Eine weitere Erfahrung aus dieser Zeit ist der Zweifel an der Annahme, dieser oder jener Mensch könne keiner Fliege etwas zuleide tun. In bekanntem ruhigem Fahrwasser mag Wohlverhalten leichtfallen, aber in Extremsituationen? Sturm, Wellen, Sandbänke, Untiefen? Den Gewehrkolben über den Kopf? Es ist kaum möglich vorherzusagen, wie sich ein Mensch in einer neuen, ihn möglicherweise körperlich oder seelisch überfordernden Situation verhalten wird, wie sein Algorithmus in einer kritischen Situation seine Prioritäten setzt – besonders dann, wenn der Mensch bereits seelisch angeschlagen ist.

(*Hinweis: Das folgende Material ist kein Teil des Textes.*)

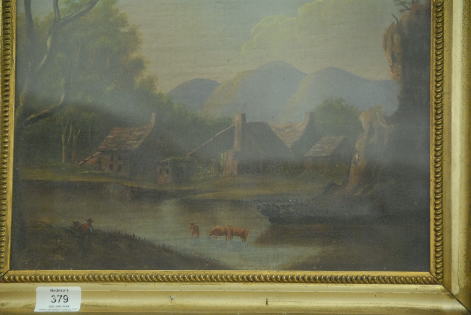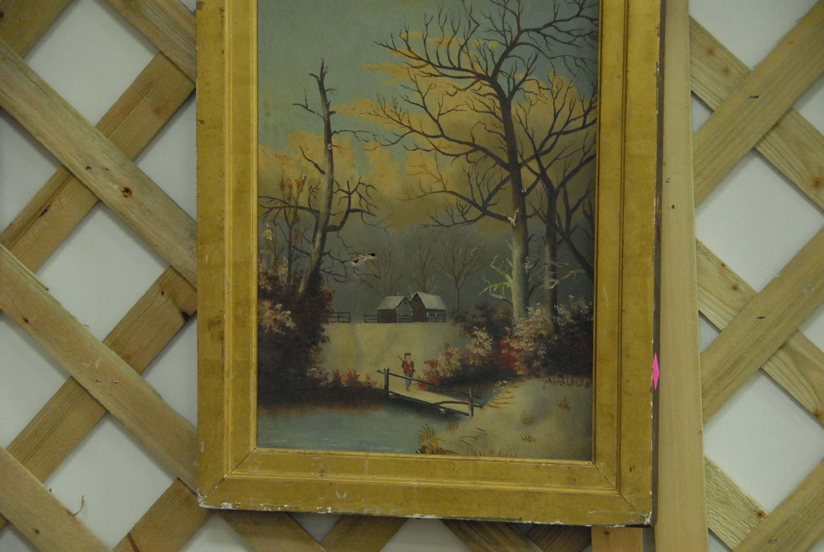 Lot 379: Two oil on canvas 19th century primitive paintings including a summer landscape and a winter landscape, both unsigned. 12 x 14
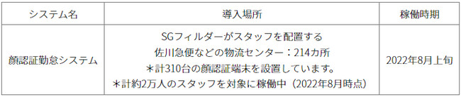 SGシステム株式会社(以下、SGシステム)、シャープマーケティングジャパン株式会社(以下、シャープマーケティングジャパン)および株式会社データスコープ(以下、データスコープ)は、SGフィルダー株式会社(以下、SGフィルダー)の協力のもと「顔認証勤怠システム」を共同で開発しました。佐川急便株式会社(以下、佐川急便)などの物流センター214カ所に導入し、本年8月上旬に本稼働を開始しました。

Zurück zum Schaufenstereffekt und der unwiderstehlichen Resonanz, die ein so sehr ersehntes Suchmuster auslöst, ganz gleich ob es eigentlich entbehrlich, unmoralisch oder gar kriminell ist:
Eine der wichtigsten präventiven Maßnahmen besteht folgerichtig darin, Situationen zu meiden, die eine solch überbordende Resonanz und damit eine kaum mehr zu bändigende Motivation in Gang setzen könnten. Wenn die Prämisse z. B. Sparen lautet, dann am besten keine Schaufensterbummel mehr: Resonanz weg, aber Geld noch da. Doch was dann? Kann man auf die damit ebenfalls eingesparten erhebenden Gefühle einfach so verzichten?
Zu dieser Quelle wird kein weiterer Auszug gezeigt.